Again I was caught off guard, to hear her, all of nineteen, talk as if she were hearing harps and harpies. I poured more wine into her glass.

“Oh, you’re fine,” I told her. “Here, drink up.” I wanted her to relax around me. I wanted her to open herself to me. I wanted what I wanted to be what she wanted. It was good for her to drink the way she did. This wine would help her give me what I wanted. “Come on. You’re fine,” I told her.

“Do your parents drink?” she asked.

“My parents don’t do much of anything anymore. They’re dead. They’ve been like that for a long time.” I smiled. “My father was a heavy drinker. My mother didn’t drink much. She couldn’t handle it.”

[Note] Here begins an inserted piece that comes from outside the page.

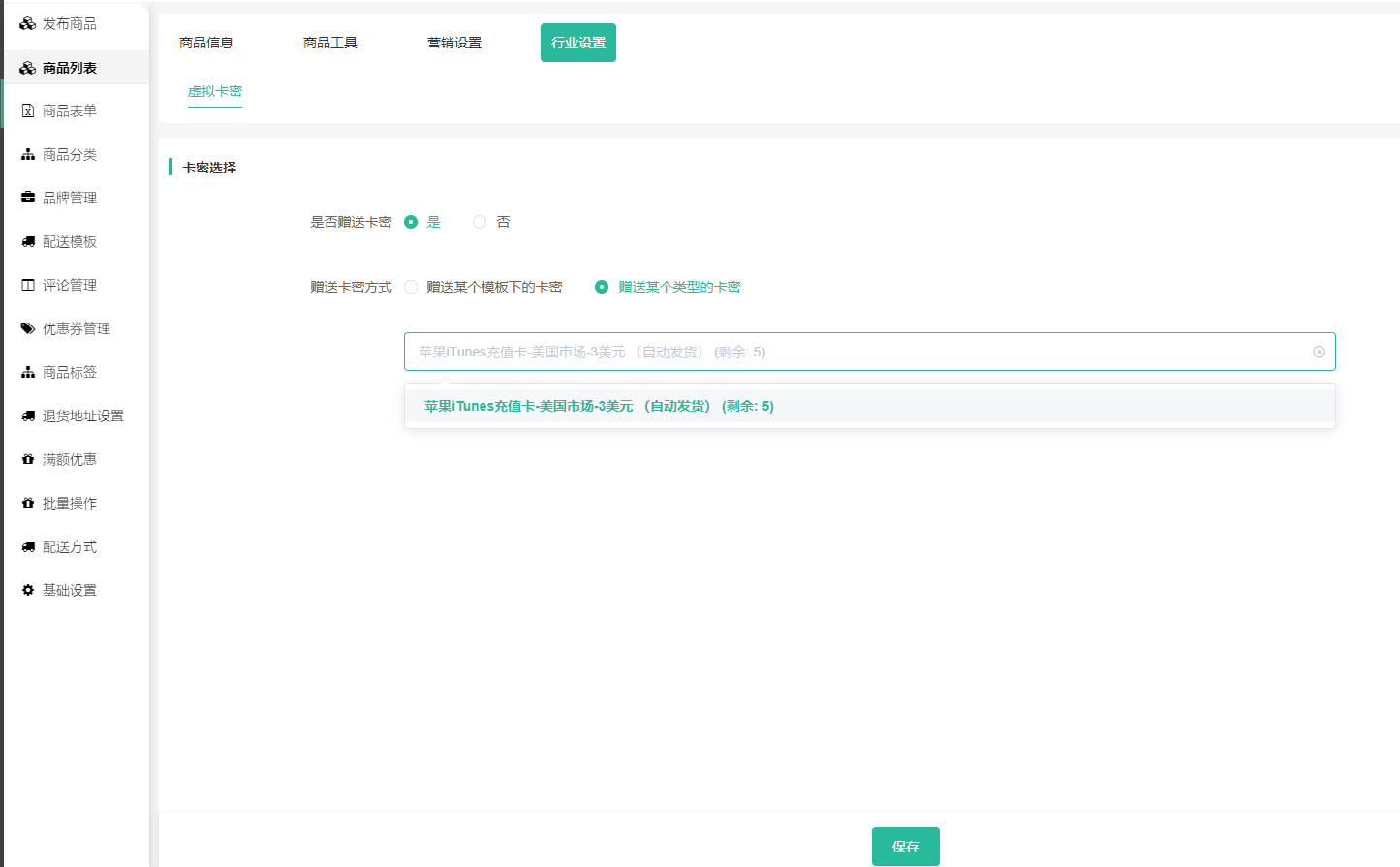 三 、 商品列表需要--编辑商品-虚拟卡密,购买这件商品是否赠送卡密

I heard my own words. It was curious how I spoke of whatever it was, physical or spiritual or both, that had stood in the way of my mother becoming a drunk like my father; how I spoke as if it were a failing, a shortcoming, a disability. The words came readily, easily:
couldn’t handle it.
How much more fittingly would they describe those who succumbed. It was drunks like me who couldn’t handle it.

“My mom drinks a lot,” she said.

I began to wash the dishes. She followed me into the kitchen.

“How old is your mother?”

“Forty-seven. No. Forty-eight.”

At least her mother wasn’t young enough to be my daughter.

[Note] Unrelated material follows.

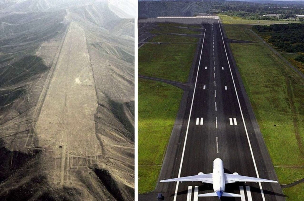 Dekstre estas 20-jarcenta startleno kreita per moderna teknologio kaj ekipaĵo. Notu la similecojn: plata, glata surfaco, ideala por ke aviadiloj deteriĝu kaj surteriĝu.

“Let me do that,” she said.

“You’re the guest,” I said. “What’s the good of being a guest if you have to wash dishes? Thanks, babe, but no.”

I thought of her legs. I thought of her ponytail in my fist. I thought of the taste of her. I thought of her tongue on that vein that twitched and throbbed. I thought of her stringent warmth entering my mouth, trickling down my throat. I thought of what ran in the veins of gods and goddesses.

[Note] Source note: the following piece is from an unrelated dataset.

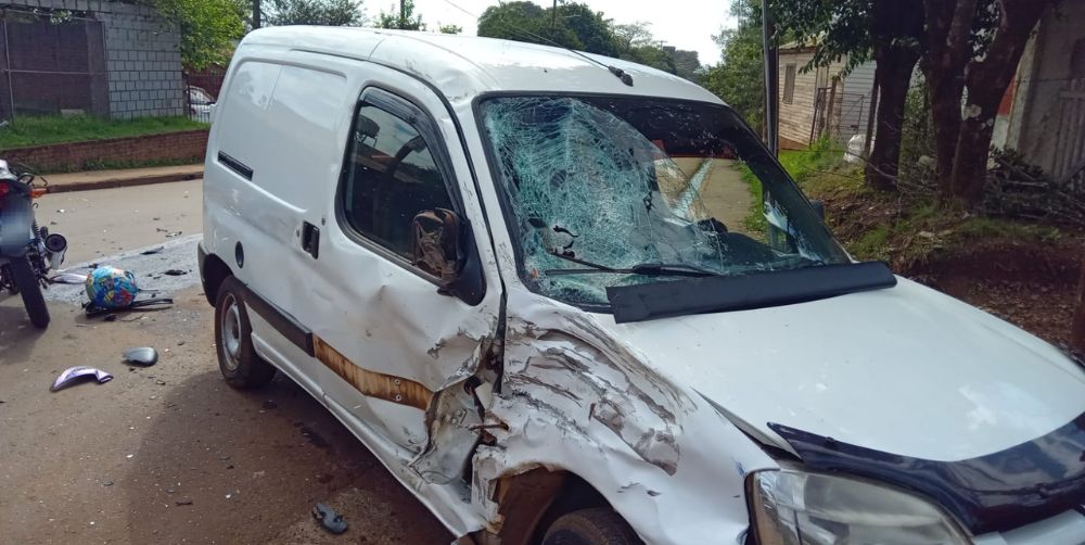 Un motociclista chocó contra un utilitario y resultó gravemente herido. El siniestro vial tuvo lugar hoy alrededor de las 14 horas, en la intersección de la Avenida Roth con las calles Mburucuyá y Guembé en la localidad de Garupá.

“But sweeter to live for ever; sweeter to live ever youthful like the Gods, who have ichor in their veins; ichor which gives life and youth and joy…”

I shut off the faucet and turned around. She was reading some lines of poetry that were held by a magnet to the side of my refrigerator. I knew that she would ask me about them. I embraced her from behind, put one hand over her mouth and the other on her belly. I pressed her to me. Her buttocks felt good against me. I kissed the downy little hairs and skin on the back of her neck and slid my hand down the front of her pants, feeling her silky panties and, through them, the tussock beneath. I worked my hand farther, and she squeezed it with her thighs. I could feel hot breath from her nostrils on my fingers. She began to nibble and lick at them with darts of her tongue. I unbuttoned and unzipped her pants, moved my hand into her panties, then into her. I peered over her shoulder down the front of her sweater to the hidden flesh and shadow of her breasts in white lace, and farther, to the movement of my hand in her open pants.

She lay naked in my bed, her lower lip between her teeth, her legs spread, her eyes probing mine. Her labia were swollen and
wet, rosy pink and glistening. I slipped the head of my cock, no more, into her and dallied a bit. She let loose her lip and breathed from deep within. I dimmed the light, grasped her hips, laid my head between her legs and stared at her hand on herself in the obscuring dark. I ran my fingers, then my tongue along the inside of her upper right thigh, which was unmarked, very close to the scent of her and the muffled accelerating sound of her hand. I opened my mouth, and I sank my teeth and tore. She exhaled with violence, like an ecstasy of storm wind through trees.